Jim Duffy lauds Morton after they stun Hamilton
Morton boss Jim Duffy claimed his team were a class apart from Hamilton after they knocked their Premiership opponents out of the Betfred Cup.
Morton boss Jim Duffy claimed his team were a class apart from Hamilton after they knocked their Premiership opponents out of the Betfred Cup.
The Championship club bounced back from Dougie Imrie's early penalty - after Lee Kilday's clumsy barge on the former Morton man - and deservedly sealed a 2-1 win thanks to two excellent strikes in four second-half minutes.
Ross Forbes curled a free-kick into the top corner from 25 yards before Jai Quitongo volleyed home after Michael Devlin failed to cut out Forbes' long pass.

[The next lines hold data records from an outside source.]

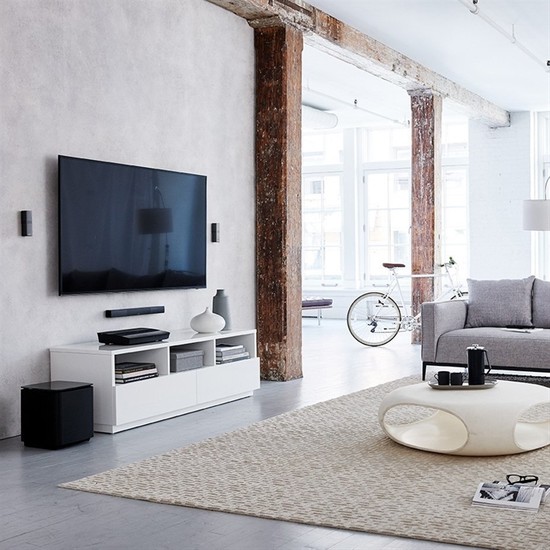 Small omnidirectional speakers, a wireless bass module and wireless rear surround speakers deliver an astonishing audio experience that melts luxuriously into your room.
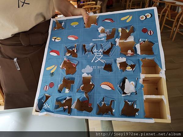 滿五盤就可以玩戳戳樂,有店內專屬的公仔或是折價卷,當天我們就搓到一張折價卷和一隻公仔
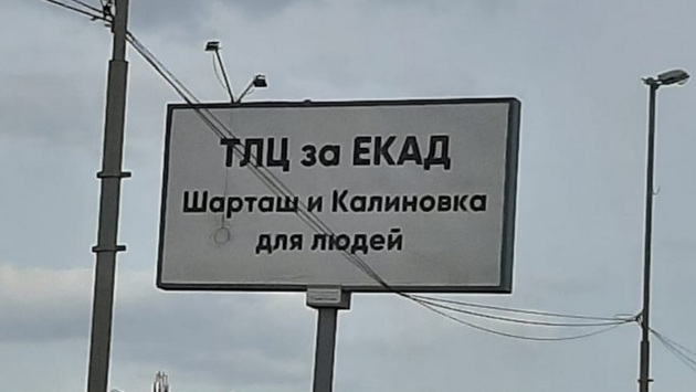 Девелопера заподозрили в том, что он поддерживает протест против строительства торгово-логистического центра «Уральский» в поселке Калиновском (северный берег Шарташа). На эту мысль власти натолкнули два обстоятельства. Первое — размещение (за деньги) на Блюхеровском мосту баннера «ТЛЦ за ЕКАД. Шарташ и Калиновка для людей». Его быстро сняли.
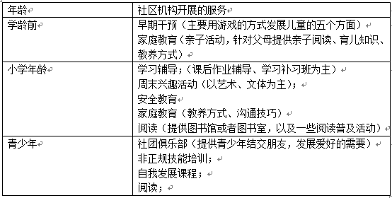 在满足流动儿童全面发展的各种需求中,社区机构能够扮演什么角色?谈了从儿童的需求,到流动儿童的需求。但只有需求还不足以确定社区机构提供什么样的教育服务。原因是需求多种多样,社区机构不可能什么需求都去满足,社区机构还需要从众多需求中去选择。所以我们需要第二个角度——“社区机构自身”去考虑。在满足流动儿童全面发展的各种需求中,社区机构能够扮演什么角色?
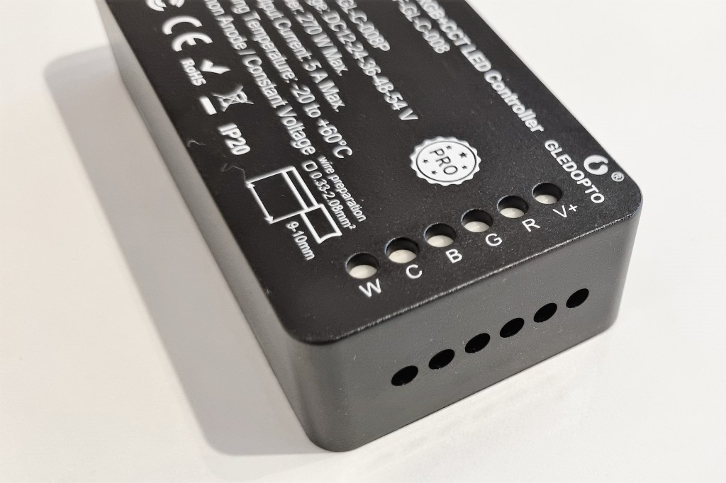 Przechodząc już do sterownika Gledopto RGB CCT jest kompatybilny z wieloma hubami, takimi jak Aeotec Smart Home Hub, SmartThings Hub, mostek Philips Hue, Homee lub Alexa Echo Plus firmy Amazon. Za pomocą tego inteligentnego kontrolera można wygodnie sterować taśmami LED z chipsetami RGB i CCT (5 w 1), a także wszystkimi standardowymi produktami LED z zasilaniem 12/24 V za pośrednictwem inteligentnej bramy domowej. Pozwala to na włączanie/wyłączanie, zmianę koloru, zmianę temperatury barwowej oraz przyciemnianie taśm LED, reflektorów wpuszczanych LED, oświetlenia zewnętrznego LED, a nawet oświetlenia basenu.
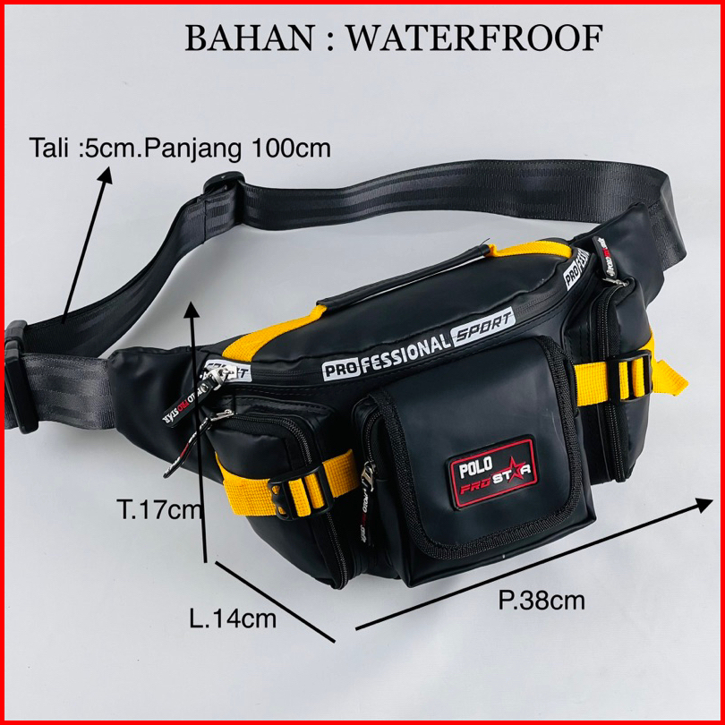 Tas Pria Anti Air Waistbag Tas Pinggang Tas Selempang Terbaru Original Polo Prostar Waterproof
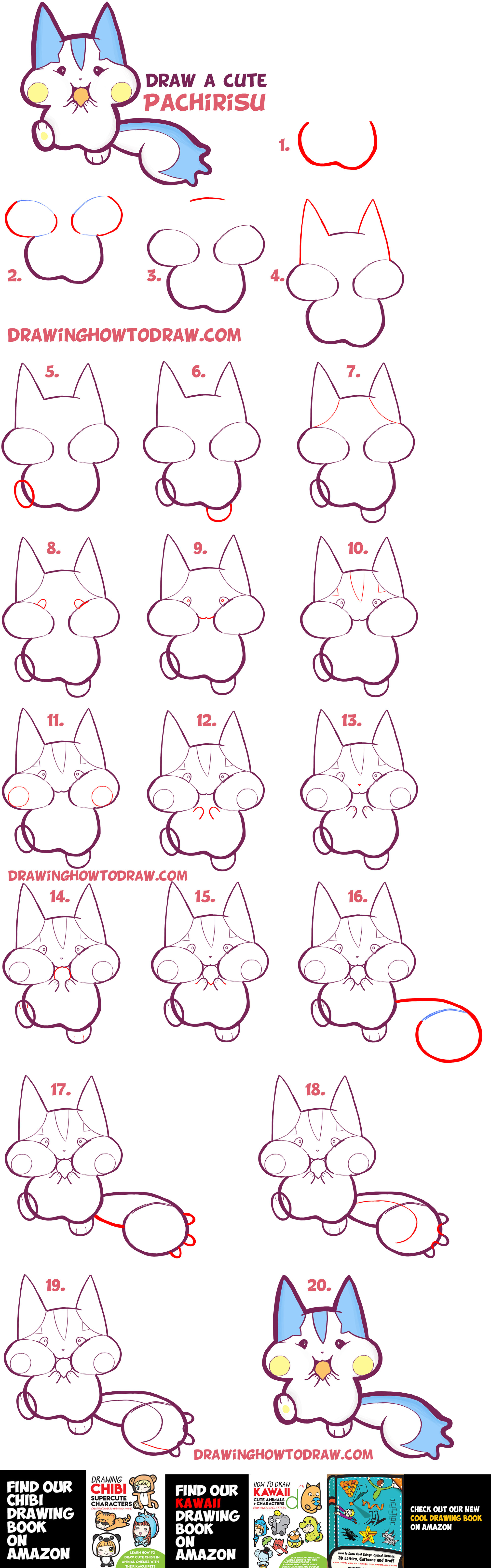 Learn How to Draw Kawaii / Chibi Pachirisu Pokemon with Simple Steps Drawing Lesson for Kids & Beginners
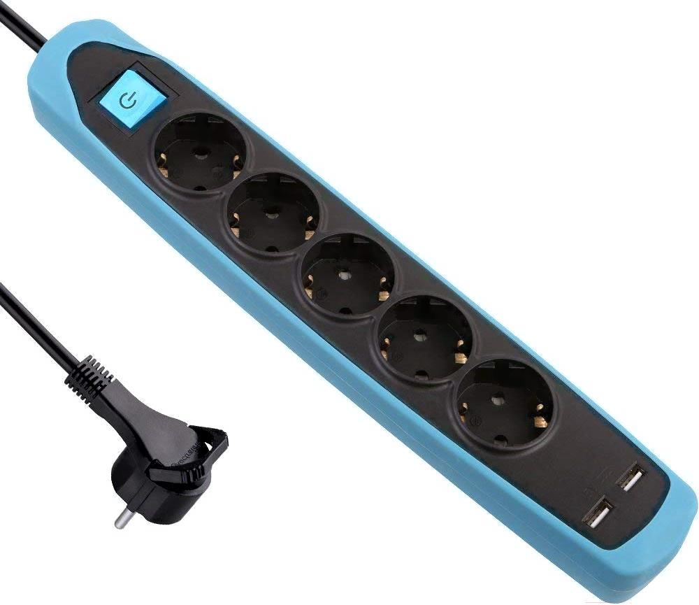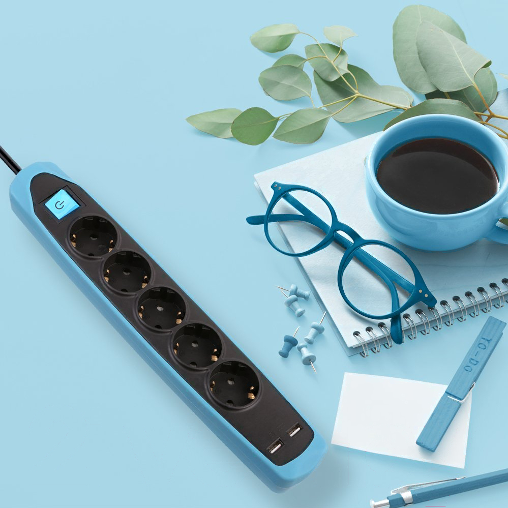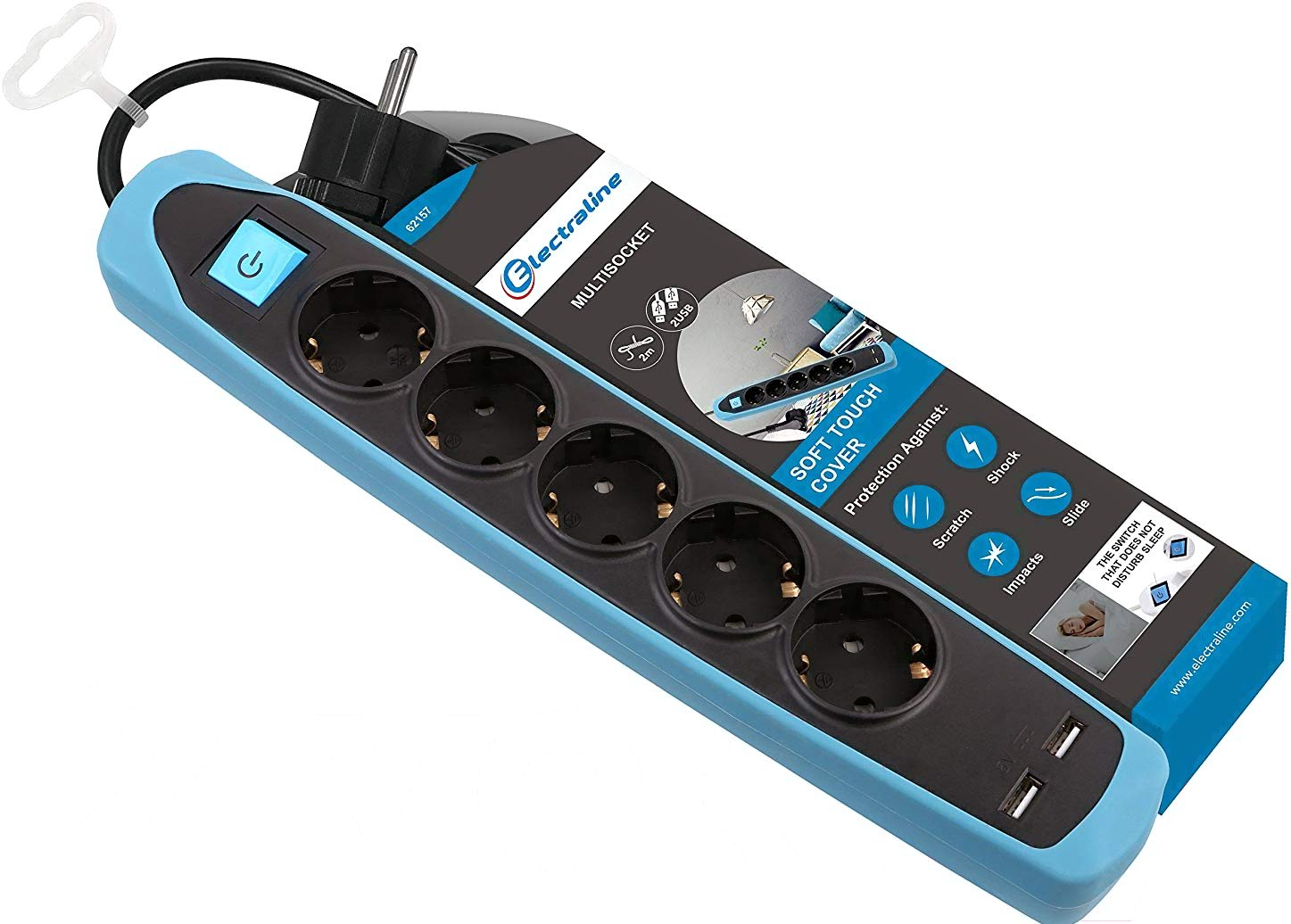 Удлинитель Electraline 62157 (2м, черный/голубой)
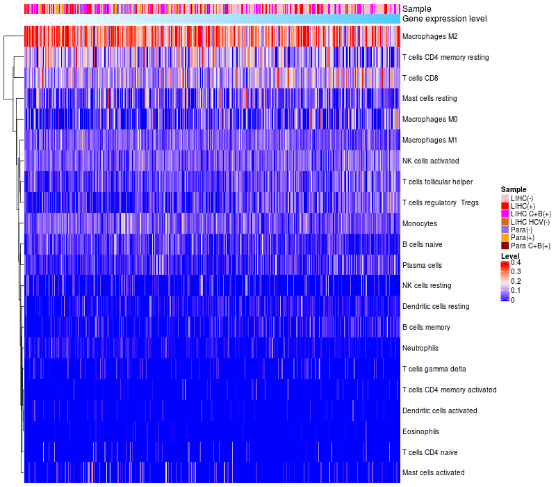 Liver hepatocellular carcinoma HCV (HBV+)(86), Liver hepatocellular carcinoma HCV (HBV-)(19), Liver hepatocellular carcinoma (HBV+)(209), Liver hepatocellular carcinoma (HBV+)(60), Paracancerous HCV (HBV+)(4), Paracancerous (HBV-)(28), Paracancerous (HBV+)(18) |

Duffy said: "We were different class, by far the better team throughout the 90 minutes. It would have been a travesty if a very controversial decision stopped us getting into the next round.
"Fair play to the players they regrouped and but for terrific goalkeeping and a bit of misfortune we would have been ahead in the first half.
"They were two fantastic goals. The free-kick was right pout the top drawer and Jai's finish was great again, it was a great ball in behind by Ross."
Quitongo, son of former Accies winger Jose, was at the Hamilton youth academy as a boy and he shone on his return.
Duffy said: "He's 18 years of age and he's got talent. He's raw and he's unpredictable at times. He can put a smile on your face and he can put a frown on your face. But at the moment he is putting on plenty of smiles. He's got pace, he's strong and he has scored three goals already this season."
Hamilton boss Martin Canning did not disagree with Duffy's overall assessment.
"They deserved to win the game," he said. "We started well and go 1-0 up and I don't know if the mentality was we had done enough. Morton stuck to it and the frustrating thing is we got done by stuff we spoke about on Monday.
"We know a ball over the top, Jai Quitongo is a threat, and he was through three one-on-ones, which is unacceptable to defend like that at our level.
"Too many players had an off night and if your two centre-backs defend as poorly as that, you can't win games."